Goal of the exercise: Output the data below only from the line containing "RM 15, layers" up to and including the line containing "Campo Bom já", exact and with the pictures left out.

Items from a data source:
-=-=-

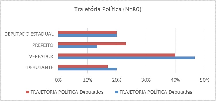 Os dados acima se conciliam com as respostas à questão relativa à trajetória política dos respondentes: a maioria deles iniciou a carreira política no Legislativo (46,7% mulheres e 40% homens) e no Executivo (13,3% mulheres e 23,1% homens) municipais, seguindo a tendência já estudada na literatura especializada.10 Tais dados confirmam ainda a relevância da competição local enquanto indutora de políticas públicas em outros níveis de representação, a despeito das profundas clivagens existentes entre os estados e municípios brasileiros, e de processos de socialização política significativos. Importante assinalar que, dada a baixa produção legislativa dos vereadores(as) nos municípios de médio e pequeno porte, o atendimento das demandas individuais dos eleitores, através de mecanismos formais e informais, desempenha um papel central no processo de socialização política dos futuros aspirantes ao Legislativo estadual (ver Rocha e Kerbauy, 2014, p. 23-29).
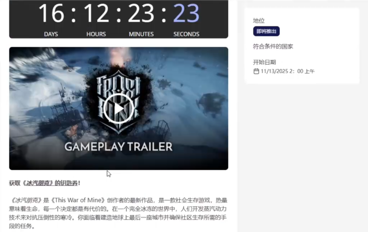 进去之后第一眼就能看到《冰汽时代》的领取倒计时。
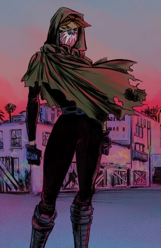 What if a contested Presidential election plunged America into turmoil? What if political violence consumed the streets? And what if a raging Supreme Court, in a strict interpretation of the 2nd Amendment, legitimized and deputized all militias, transforming the entire country into a paramilitary police state? What if a freedom fighter emerged from the chaos, raised a civilian army, and carved out a territory across the United States?... pushing out police, militias, and National Guard... enforcing its own laws... Sovereign. What if Americans refused to be governed? In this speculative fiction comic book series ripped from tomorrow's headlines, a mysterious figure named Vya Of Brightstars will rise from the crisis, but is she a freedom fighter or a terrorist? Either way, her rogue state will not just blaze a path across America, it will also inspire others to raise their own armies... some in solidarity, others in opposition. 'ROGUE STATE... is a genre known as 'speculative fiction.' Except that it doesn't seem as speculative anymore.' (-The San Francisco Chronicle) From writer Matteo Pizzolo (CALEXIT, GODKILLER) and artist Carlos Granda (PIROUETTE, CALEXIT: SAN DIEGO), comes this tale of rebelling against tyranny, reconquering stolen land, punching fascists in the face, and building a better nation.
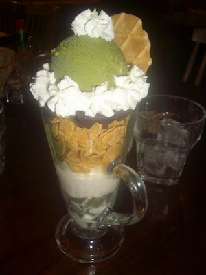 RM 15, layers of green tea jelly, vanilla ice cream, corn flakes, mashed red bean, green tea ice cream and fresh cream, lovely dessert with the right crunch and sweetness.
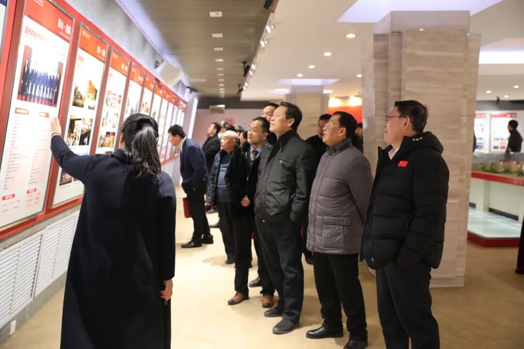 校友和学校领导参观学校办学成就展。
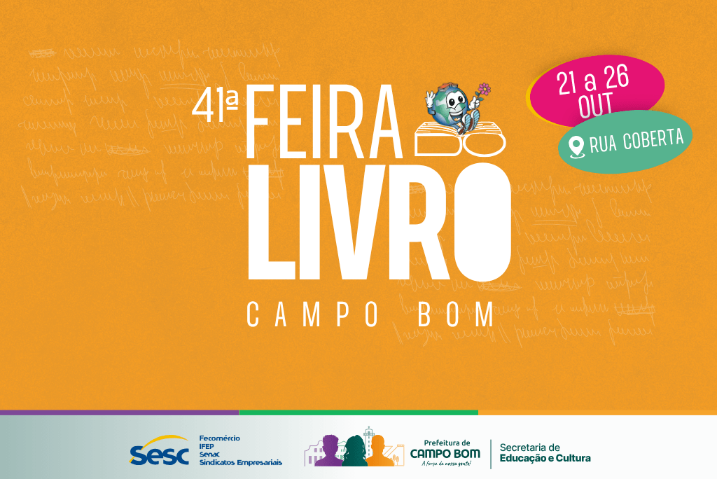 Campo Bom já se prepara para viver mais uma grande festa da literatura, da cultura e da imaginação. De 21 a 26 de outubro, a Rua Coberta será o palco da 41ª Feira do Livro de Campo Bom, promovida pela Administração Municipal, por meio da Secretaria de Educação e Cultura, em parceria com o Sesc Novo Hamburgo.
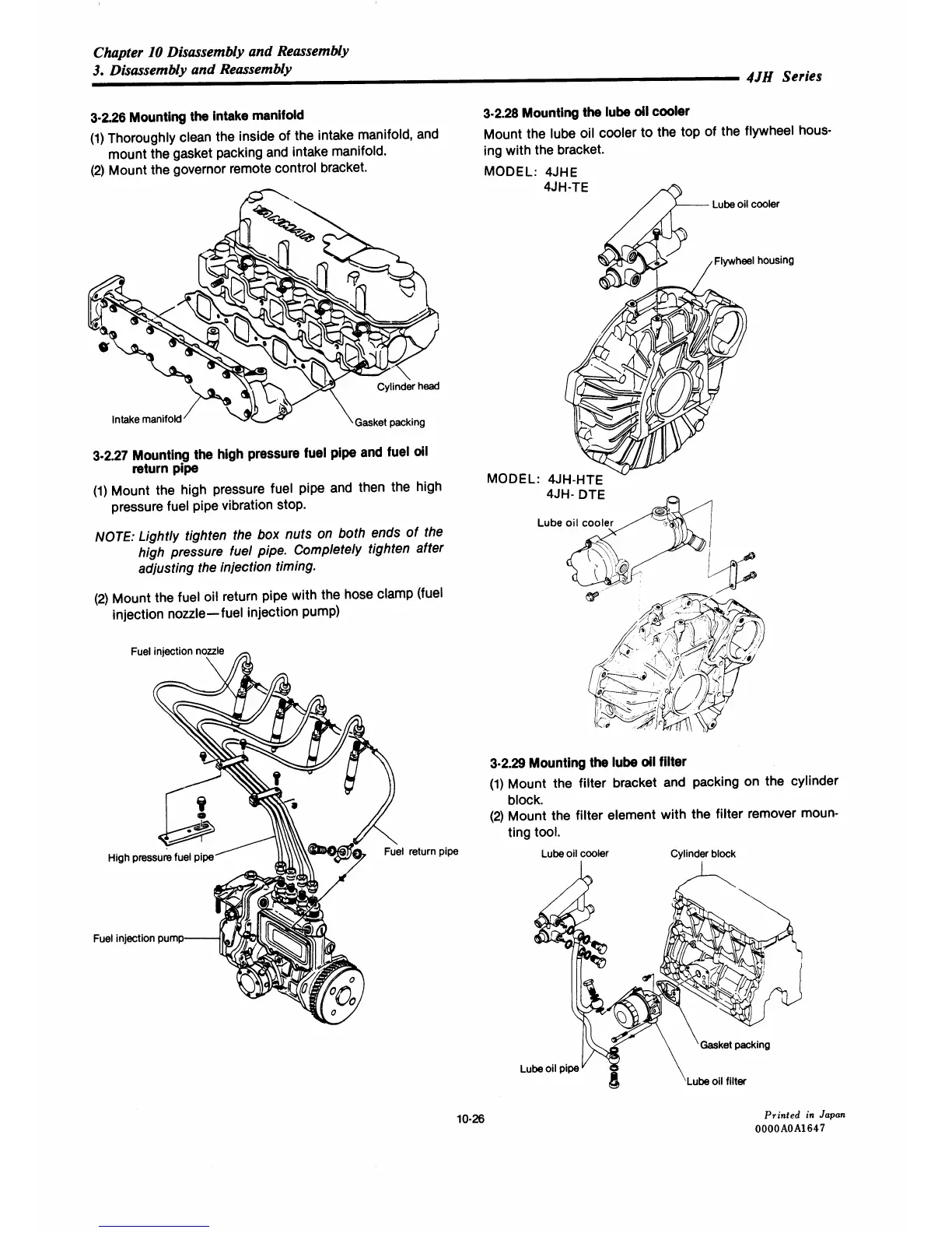 Yanmar 4JHE - Reassembly: Mounting the Intake Manifold; Reassembly: Mounting the Lube Oil Cooler; Reassembly: Mounting the High Pressure Fuel Pipe and Fuel Oil Return Pipe; Reassembly: Mounting the Lube Oil Filter
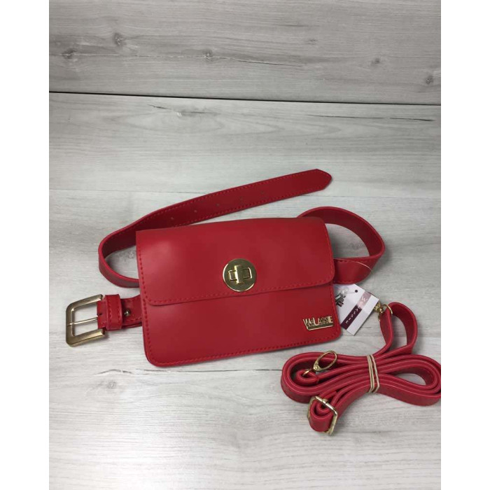 Клатчі червоного кольору або сумки на пояс Арья, виготовлені з штучної шкіри. Кришка відкривається за допомогою засувки. Всередині має три відділення. Додатково в комплекті є плечовий ремінець.
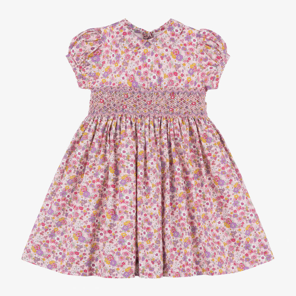 Pretty pink floral dress for girls by Rachel Riley, the traditional British designer. Softly woven in cotton poplin, this classic dress has puffed sleeves, a rounded collar and heritage floral smocking across the bodice. The gathered skirt beautifully flares into an elegant shape, and is lined in soft cotton voile for comfort. Pink button fastenings and a tie-up bow on the back complete the style.
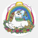 Ein Einhorn begrüßt den Bluebird of Happiness über den Regenbogen in einem strahlenden Land der Ruhe und des Überflusses.
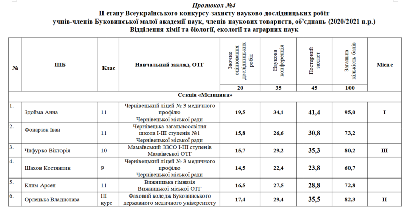 Вперше в конкурсі-захисті НДР (секція «Медицина») взяла участь студентка ІІІ курсу фахового коледжу Буковинського державного медичного університету Владислава Орлецька, зайнявши почесне ІІ місце. Про це йдеться на сайті БДМУ.
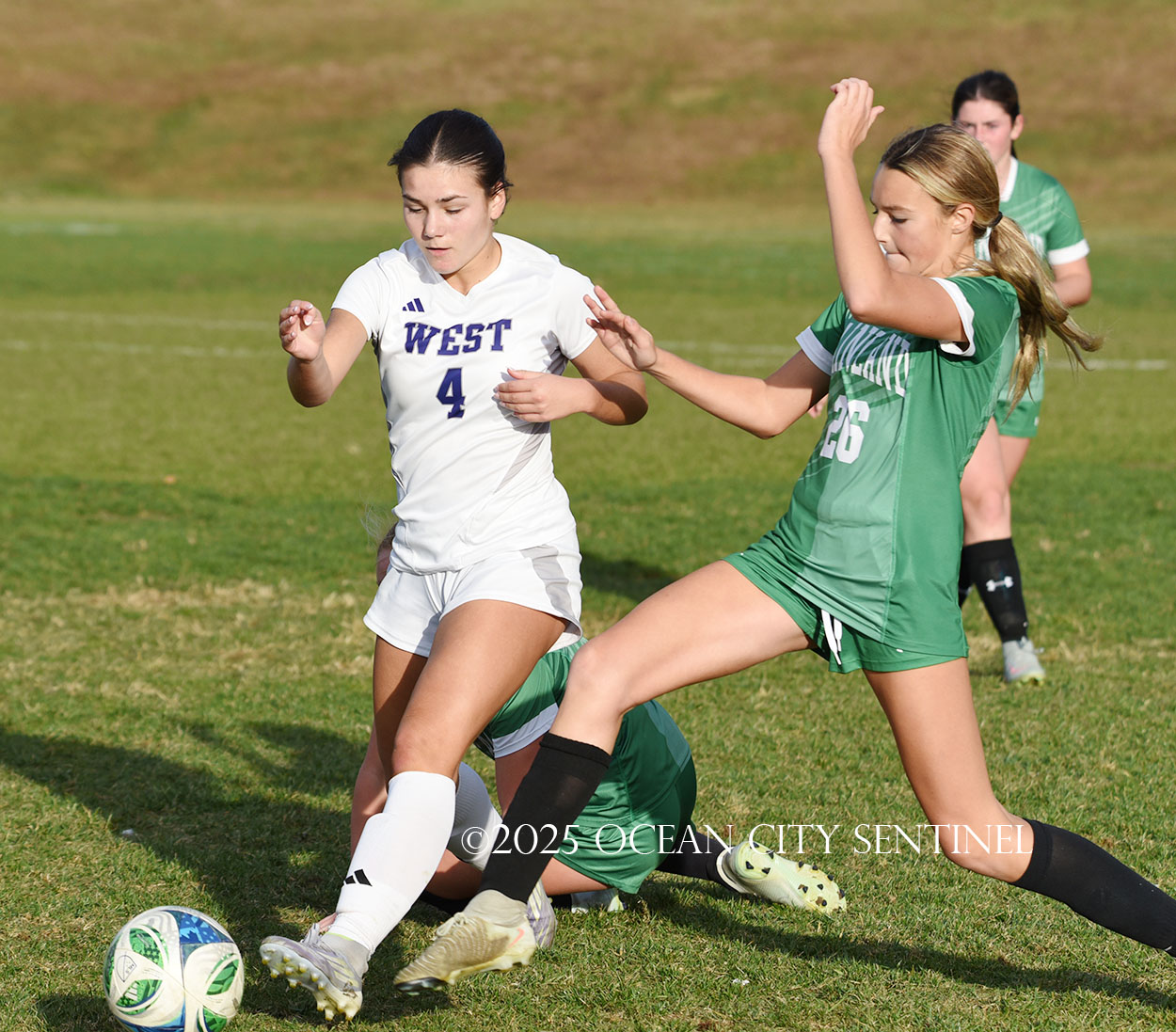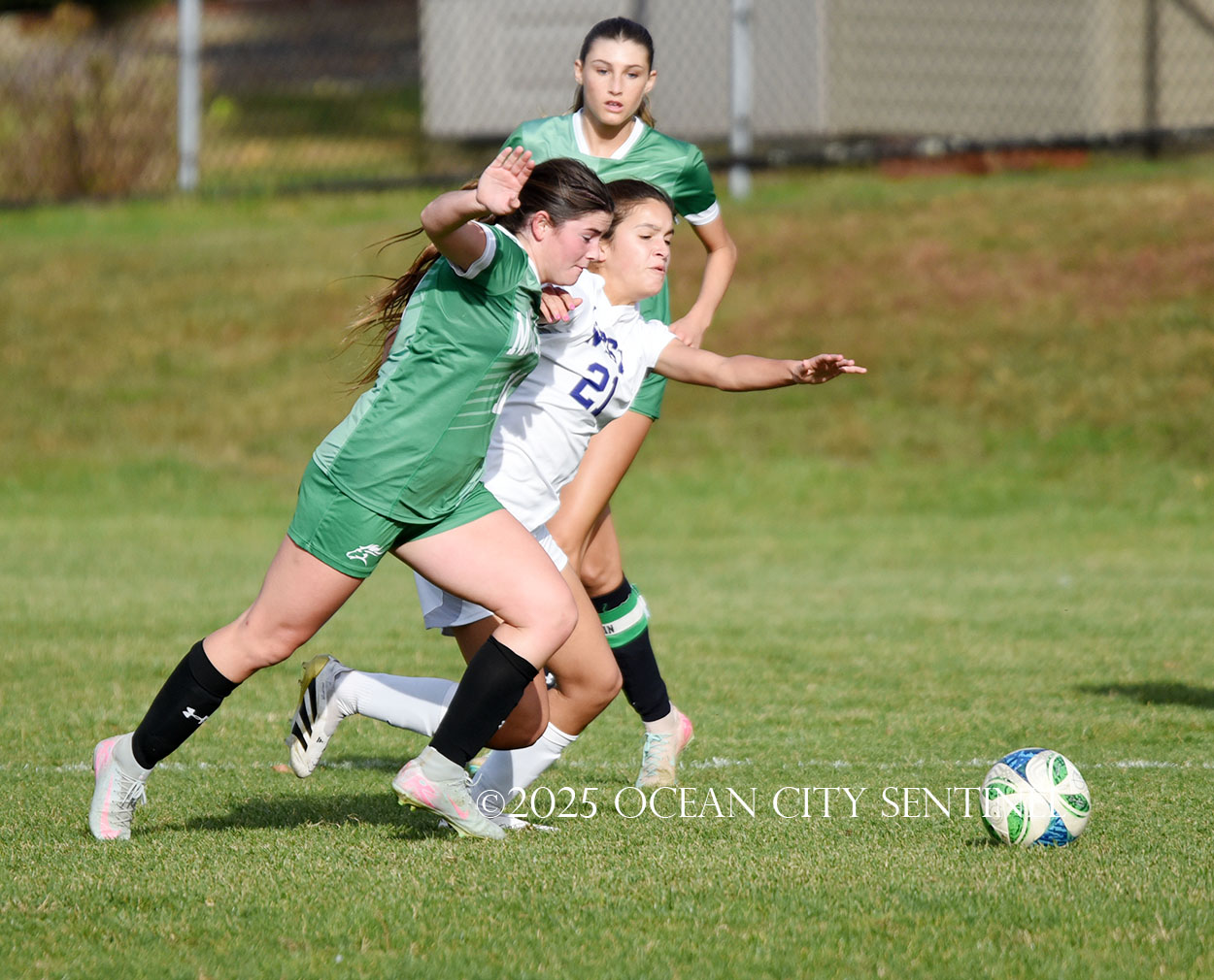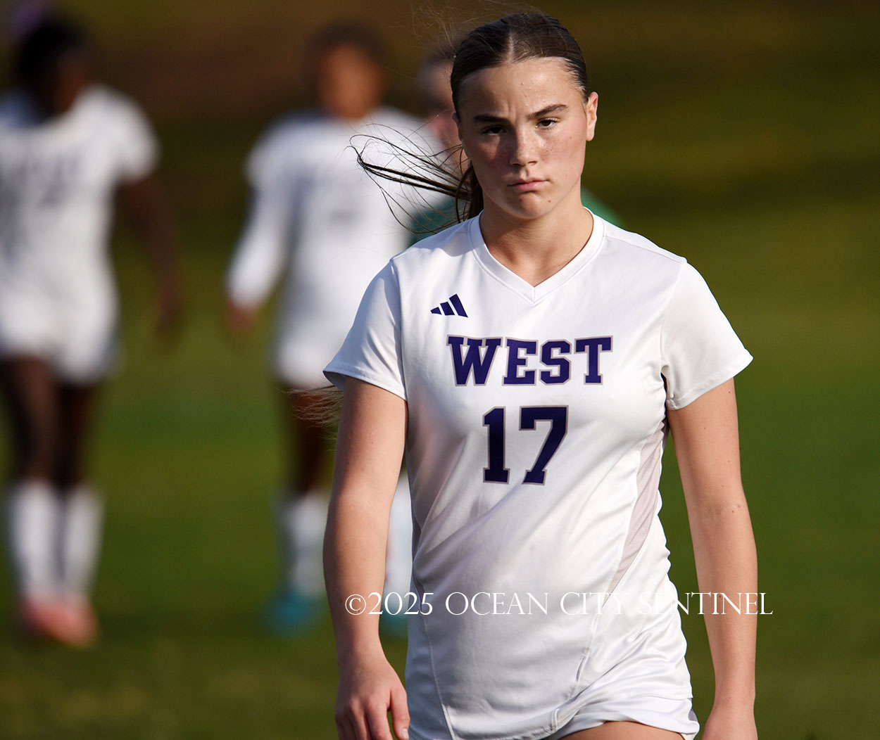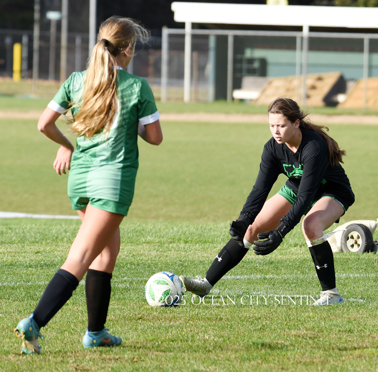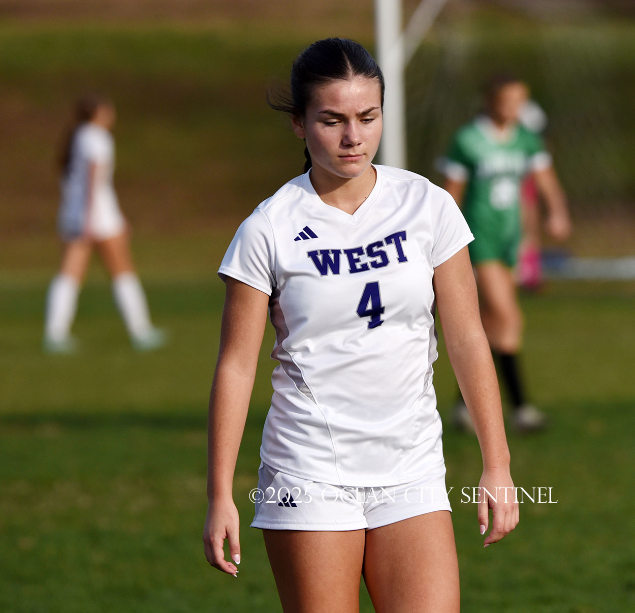 Center midfielder Reilly Nagle had her hands full as Jarrett played a lot of balls to midfield.

-=-=-

Finished exercise:
 RM 15, layers of green tea jelly, vanilla ice cream, corn flakes, mashed red bean, green tea ice cream and fresh cream, lovely dessert with the right crunch and sweetness.
 校友和学校领导参观学校办学成就展。
 Campo Bom já se prepara para viver mais uma grande festa da literatura, da cultura e da imaginação. De 21 a 26 de outubro, a Rua Coberta será o palco da 41ª Feira do Livro de Campo Bom, promovida pela Administração Municipal, por meio da Secretaria de Educação e Cultura, em parceria com o Sesc Novo Hamburgo.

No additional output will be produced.